Я узнал также, что и как личность вне сцены, он также достоин восхищения, как и на сцене. Он не связан ни с какой определенной труппой, однако он смог создать свой собственный строгий и индивидуальный стиль. Спокойный и серьезный в работе, он доказал также, что он верный друг, всегда готовый придти на помощь.

Особенно мне было интересно увидеть, что представляют из себя уроки Волковой. Как я уже упоминал, она занималась вместе с Пушкиным под руководством Вагановой. Я нахожу, что на Западе еще недостаточно оценили громадную роль и достижении этой замечательной женщины. Именно она применила существующую систему преподавания и развила ее логическим путем, соединив воедино многие различные стили, существующие в России, создав единую систему выразительности, которая может быть использована и понятна всюду.

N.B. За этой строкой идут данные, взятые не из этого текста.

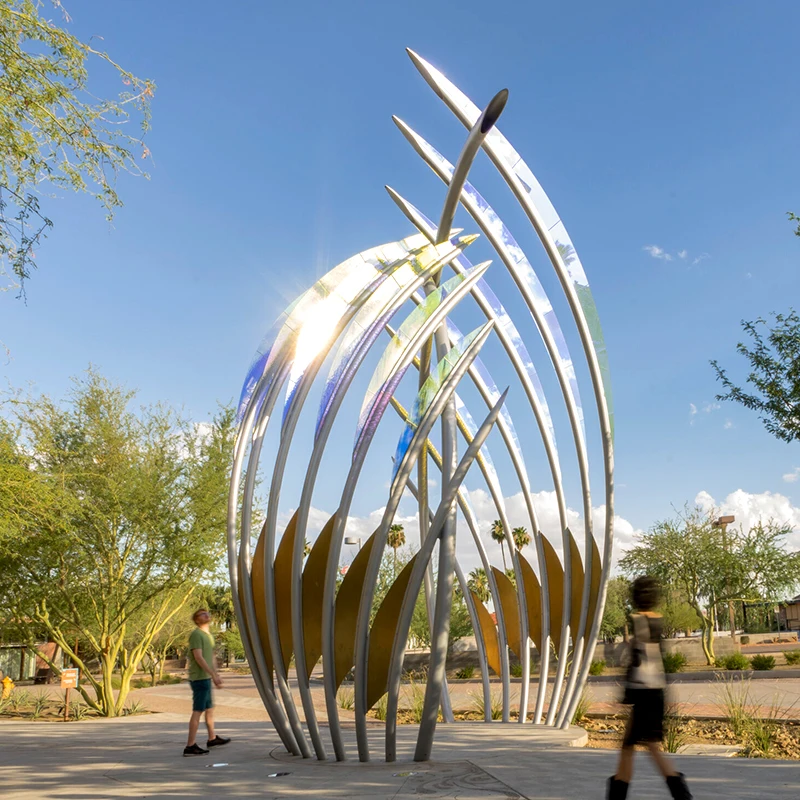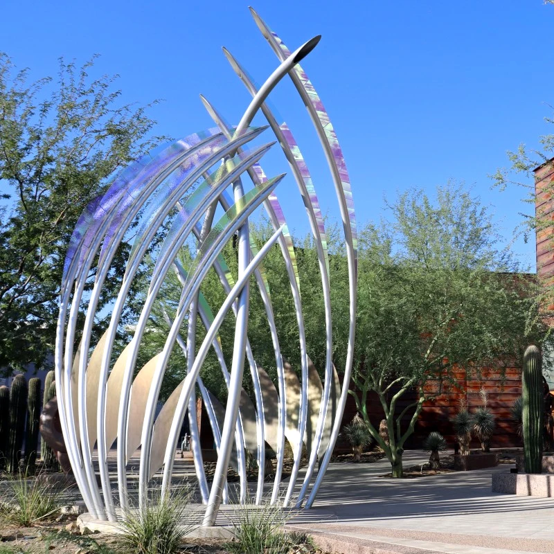 Outdoor Stainless Steel Garden Lights Sculpture Custom Hollow Metal Abstract Decoration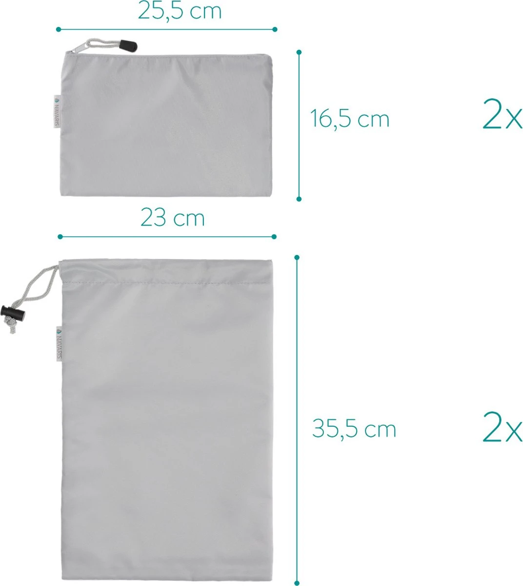 - Door het lichte gewicht en het robuuste materiaal heb je jarenlang plezier van de tassen. Tijdens je vakantie zijn de reistassen ideaal om je vuile was gescheiden van je schone kleding te bewaren.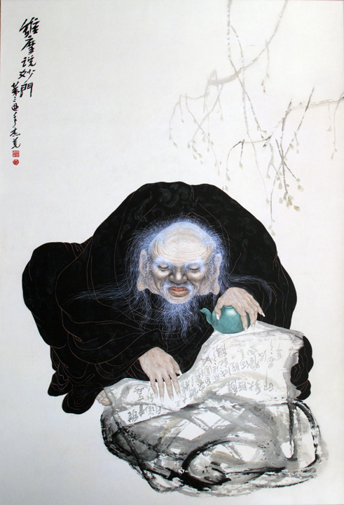 The elderly person in this painting called “Vimalakiri Expounds Wonderful Teachings” has a noble and sincere expression, an appearance that transcends the mundane, and an air of great compassion. One can easily see that He is definitely not of this mortal world. This virtuous being of utmost holiness is venerable Vimalakirti, one of the greatest and most famous persons in Buddhism. The painting demonstrates extraordinary artistic skills and conception, and has a graceful arrangement. In short, it makes people feel at ease and comfortable. Only through skills applied with a completely unfettered hand and mind can one reach this state of mastery in which calligraphy and painting merge.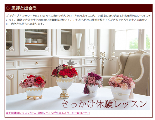 人は新しいものと出会うことで成長し、そこから日々の楽しさを見つけていきます。それではプリザーブドフラワーはどうでしょうか?初めて習うお花、初めて知り合う人たち、初めて作るアレンジ、初めて見つけた自分の新たな一面… 新しい自分に出会い、時として新たな人脈に巡り合う楽しみは、プリザーブドフラワーの持つ大きな魅力のひとつです。一期一会の出会いを楽しみ、さらに自分を成長させてくれる存在… プリザーブドフラワーの魅力は奥が深く、一言では言い表せません。

В основном она обращала внимание на то, чтобы создать из тела единый инструмент, в котором каждая часть гармонично служит общей цели. Насколько я мог увидеть, это отличается от метода преподавания, принятого на Западе, где танцовщика приучают контролировать каждую часть своего тела по отдельности. Ваганова учила даже при простейших упражнениях у палки логике механизма нашего тела, в котором, к примеру, малейшее движение ноги передается прямо по телу и может повлиять на положение руки, плеч, головы, шеи и даже глаз. Это именно и создает "кантиленность". Ее уроки оказали влияние на всех ее учениц, таких балерин, как Семенова, Дудинская, на ее последнюю ученицу Колпакову, с которой я выступал в Кировском театре, и, конечно, на всех ленинградских педагогов. Поскольку некоторые танцовщики, а затем и педагоги переезжали в Москву, разъезжались по всей России, ее можно назвать матерью всего русского балета.

Мне было очень любопытно поработать с ее бывшей ученицей Волковой, уроки ее чрезвычайно интересны. Но если говорить честно, я должен отметить, что они очень далеки от того, что я привык делать. Как я был в восторге от Веры Волковой! Но ясно, что она работала с Вагановой, когда та только начала разрабатывать основы своей системы. С тех пор Ваганова многое усовершенствовала и улучшила. И этого-то не хватает.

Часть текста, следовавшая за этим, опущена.